Carrying on the legacy of great thinkers in the kaupapa Māori space, Associate Professor Jackson was one of the first 500 Māori doctoral scholars to graduate through the Ngā Pae o te Māramatanga vision, and she also currently co-leads the national Centre of Research Excellence, Coastal People: Southern Skies.

“This kaupapa is aspirational for our communities and taiohi. There might be a student, kid, or whānau member who sees us, and they can see themselves standing right where we are, to normalise excellence.”

Associate Professor Jackson says the new Centre will be a place for tauira to be nurtured and supported to contribute to their communities, Māori research and the world.

“We can teach anyone the academic skills, but we also pride ourselves on nurturing and bringing out the authenticity of who we are. Our graduates achieve highly in their work but also come out the end of the process as a whole person with their mana intact.”

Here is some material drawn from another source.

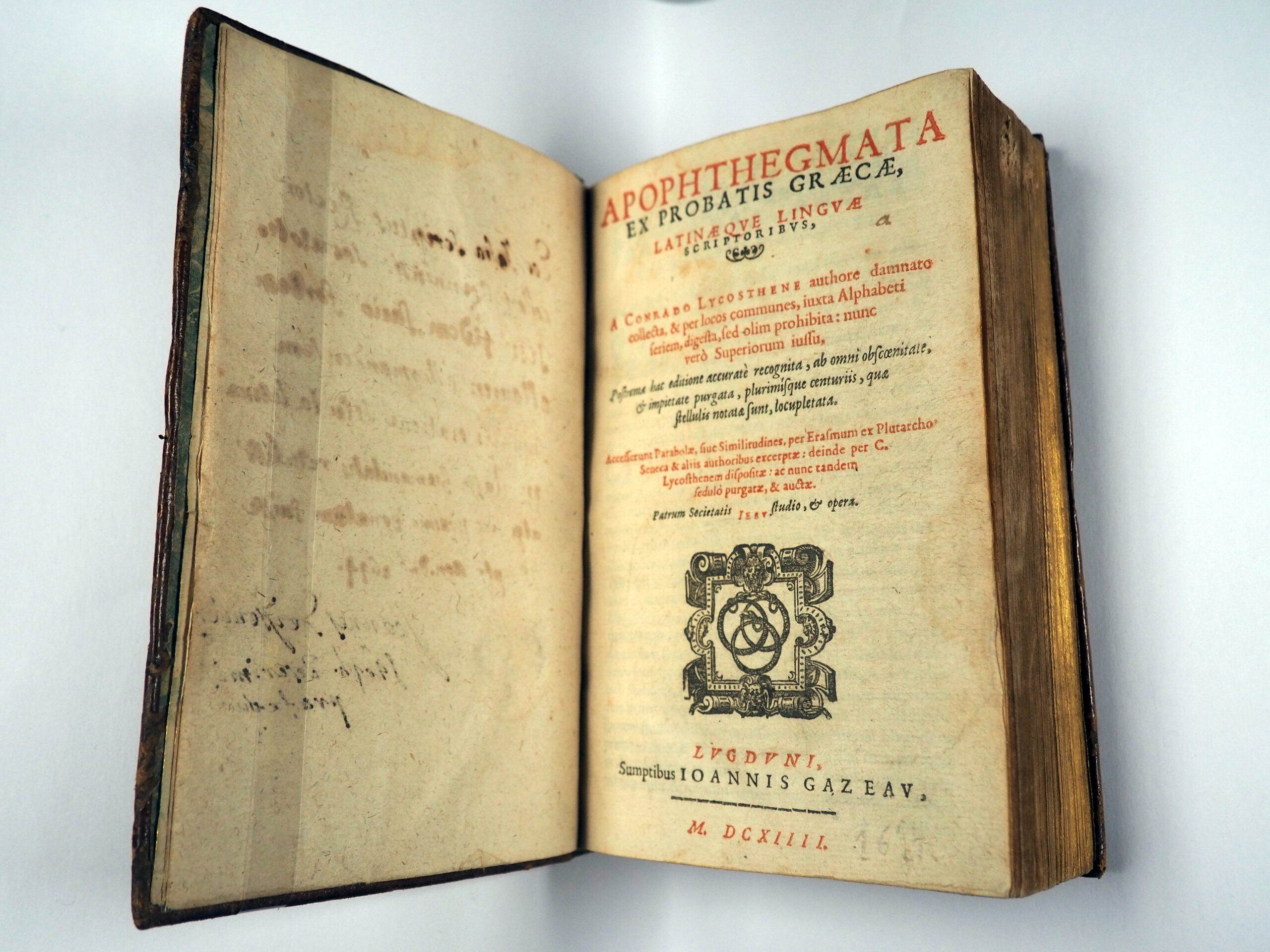 Desiderius Erasmus, Parabolae sive similitudines, per Erasmum ex Plutarcho, Seneca & aliis authoribus excerptae […] purgatae & auctae. Lyon, J. Gazeau, 1614.

New beginnings and a 10th anniversary

As a period of reflection and new beginnings, Matariki will also be a time to move through the findings of a recent review at the University of Otago which identified systemic racism in the organisation, and to look forward and celebrate the tenth year of Te Koronga, the University's Indigenous Science Research Theme and Māori postgraduate research excellence.

Established in 2013 by Associate Professor Jackson and Dr Hauiti Hakopa, Te Koronga has successfully grown a strong graduate and research platform that is open to both Māori and non-Māori researchers involved in Indigenous research focused on mauri ora.

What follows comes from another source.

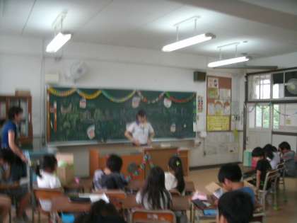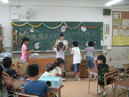 昼休み、玄関掲示作成の作業を終えた実習生が教室に入った瞬間、お別れ会が始まりました。何も知らない実習生。通常の授業が始まると思っていただけに、しばらくの間何が起こっているのかわからず、戸惑いの表情が見られました。しかし、すぐに顔がほころび、子供たちとの笑顔あふれる楽しいお別れの会が始まりました。

“Over the next few months alone, we will have a further three Māori doctoral tauira graduating who are all driven by questions from their own whānau, and they are being trained in Māori research in sciences using Māori methodologies.”

Co-Directors of Te Koronga include Dr Chanel Phillips (Ngāti Hine, Ngāpuhi), Te Koronga's first doctoral graduate, and Dr Jeremy Hapeta (Ngāti Raukawa), who will continue to build Te Koronga's focus of research and teaching excellence underpinned by a kaupapa Māori ethos.

“The kaupapa of Te Koronga describes the ardent yearning and striving for esoteric knowledge as we seek to explore the breadth and depth of mātauranga for flourishing wellness, both for our people and our environments,” Dr Phillips says.

“This strong foundation continues to drive our direction and future focus for the betterment of the students we teach, the communities we serve, and the environments we depend on for our health and wellbeing.”

Dr Hapeta adds that he's committed to developing the postgraduate 'puna' (talent pool) and strengthening their capabilities and building capacity through Te Koronga.

“Our aim is to realise the aspirations of Māori communities through research projects and teaching practices that are based upon a Kaupapa Māori approach – by, with, and for Māori, as well as working alongside non-Māori allies and accomplices.”

Associate Dean Māori for the Division of Sciences, Dr Tracy Perry (Ngāti Porou, Ngāti Uepohatu, Waikato, Ngāti Wairere) says the future is looking bright in Sciences and the Centre of Indigenous Science will set the stage for kaupapa Māori and mātauranga Māori to flourish in Aotearoa and globally.

“It will be innovative, progressive, strength based and future focused whilst also acknowledging what has come before,” Dr Perry says.

“The Te Koronga team leading out on this kaupapa have the mana and breadth of expertise to fulfil the success of this Centre. The benefits to students and staff will be immense and will enrich the whole ethos of not only the Division of Sciences but for all at the University of Otago.”